If you had to start over, what would you do differently?
I would talk to potential customers even before building a prototype.
I'm happy the business is running as it is, but in the future I would also be more cautious about developing mere additions to existing platforms, as you are always at the mercy of their respective providers.
What do you think your biggest advantages have been?

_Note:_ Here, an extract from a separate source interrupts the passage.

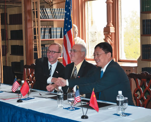 2011年11月4日,CERNET國家網(wǎng)絡(luò)中心主任吳建平教授在華盛頓喬治城大學(xué)與美國印第安納大學(xué)副校長BradWheeler、美國Internet2CEODaveLambert會(huì)面,共同慶祝中美學(xué)術(shù)網(wǎng)絡(luò)高速

My personal connections and manners (stupid as that may sound) have helped me win the trust of doctors who were usually 30 years my senior. In order to develop the integrations, I had to reverse-engineer the existing software. For this, and setting up the necessary IT infrastructure in general, my experience with programming really helped. Finally, I am grateful to Patrick McKenzie for sharing his experiences in blog posts, and thus inspiring me to pursue a similar project myself.
What advice would you share with aspiring indie hackers?
Never give up ;)
Pursue projects you care about. The reason I'm not starting the SaaS app described above is that I don't care enough about the medical sector. I'm devoting the next years of my life to another project I really care about: fman, a file manager for power users. You should totally check it out – especially if you are a programmer.